* What needs to be done
Only one stretch of the records below is wanted: the lines from the one holding "The catalytic oxidation performance" through the one holding "Direktur Eksekutif BPH". Return it exactly, both ends included.

* Given information
--------------------------------

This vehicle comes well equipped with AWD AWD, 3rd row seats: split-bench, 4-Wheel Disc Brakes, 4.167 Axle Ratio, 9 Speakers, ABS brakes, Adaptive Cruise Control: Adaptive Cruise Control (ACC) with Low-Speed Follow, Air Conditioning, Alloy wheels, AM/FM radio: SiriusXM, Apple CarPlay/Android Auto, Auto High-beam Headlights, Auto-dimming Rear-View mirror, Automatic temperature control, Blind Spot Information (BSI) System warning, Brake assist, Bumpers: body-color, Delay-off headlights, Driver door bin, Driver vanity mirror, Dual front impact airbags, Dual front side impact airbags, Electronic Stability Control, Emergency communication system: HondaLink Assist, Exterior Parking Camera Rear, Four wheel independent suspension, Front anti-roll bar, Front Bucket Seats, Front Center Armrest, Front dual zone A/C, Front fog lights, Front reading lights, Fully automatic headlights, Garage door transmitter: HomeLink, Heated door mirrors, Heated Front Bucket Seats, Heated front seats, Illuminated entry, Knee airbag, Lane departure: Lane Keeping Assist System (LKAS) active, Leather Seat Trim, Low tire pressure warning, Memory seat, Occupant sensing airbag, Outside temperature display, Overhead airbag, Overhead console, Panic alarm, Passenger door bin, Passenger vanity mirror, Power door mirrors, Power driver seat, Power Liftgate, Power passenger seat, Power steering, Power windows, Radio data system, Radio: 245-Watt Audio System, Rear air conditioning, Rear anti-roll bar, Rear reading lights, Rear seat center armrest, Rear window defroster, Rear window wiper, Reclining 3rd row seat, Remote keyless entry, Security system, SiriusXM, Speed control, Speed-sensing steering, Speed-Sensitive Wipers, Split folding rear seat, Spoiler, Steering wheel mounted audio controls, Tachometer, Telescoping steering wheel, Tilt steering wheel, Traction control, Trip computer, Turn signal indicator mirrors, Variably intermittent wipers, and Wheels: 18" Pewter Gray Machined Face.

--------------------------------

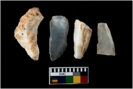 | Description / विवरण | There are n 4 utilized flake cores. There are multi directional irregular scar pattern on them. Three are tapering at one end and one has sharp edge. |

--------------------------------

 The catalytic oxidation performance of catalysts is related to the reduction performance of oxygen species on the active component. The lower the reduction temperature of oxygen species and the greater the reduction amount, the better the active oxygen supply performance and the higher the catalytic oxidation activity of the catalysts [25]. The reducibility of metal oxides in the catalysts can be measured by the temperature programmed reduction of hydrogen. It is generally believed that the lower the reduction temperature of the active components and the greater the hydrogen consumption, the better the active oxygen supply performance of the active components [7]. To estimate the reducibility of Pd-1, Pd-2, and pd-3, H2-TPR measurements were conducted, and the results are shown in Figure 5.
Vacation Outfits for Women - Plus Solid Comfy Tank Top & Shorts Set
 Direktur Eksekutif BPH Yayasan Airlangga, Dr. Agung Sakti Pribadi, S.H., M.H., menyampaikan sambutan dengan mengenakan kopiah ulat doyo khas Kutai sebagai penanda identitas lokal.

--------------------------------

* Reply
 The catalytic oxidation performance of catalysts is related to the reduction performance of oxygen species on the active component. The lower the reduction temperature of oxygen species and the greater the reduction amount, the better the active oxygen supply performance and the higher the catalytic oxidation activity of the catalysts [25]. The reducibility of metal oxides in the catalysts can be measured by the temperature programmed reduction of hydrogen. It is generally believed that the lower the reduction temperature of the active components and the greater the hydrogen consumption, the better the active oxygen supply performance of the active components [7]. To estimate the reducibility of Pd-1, Pd-2, and pd-3, H2-TPR measurements were conducted, and the results are shown in Figure 5.
Vacation Outfits for Women - Plus Solid Comfy Tank Top & Shorts Set
 Direktur Eksekutif BPH Yayasan Airlangga, Dr. Agung Sakti Pribadi, S.H., M.H., menyampaikan sambutan dengan mengenakan kopiah ulat doyo khas Kutai sebagai penanda identitas lokal.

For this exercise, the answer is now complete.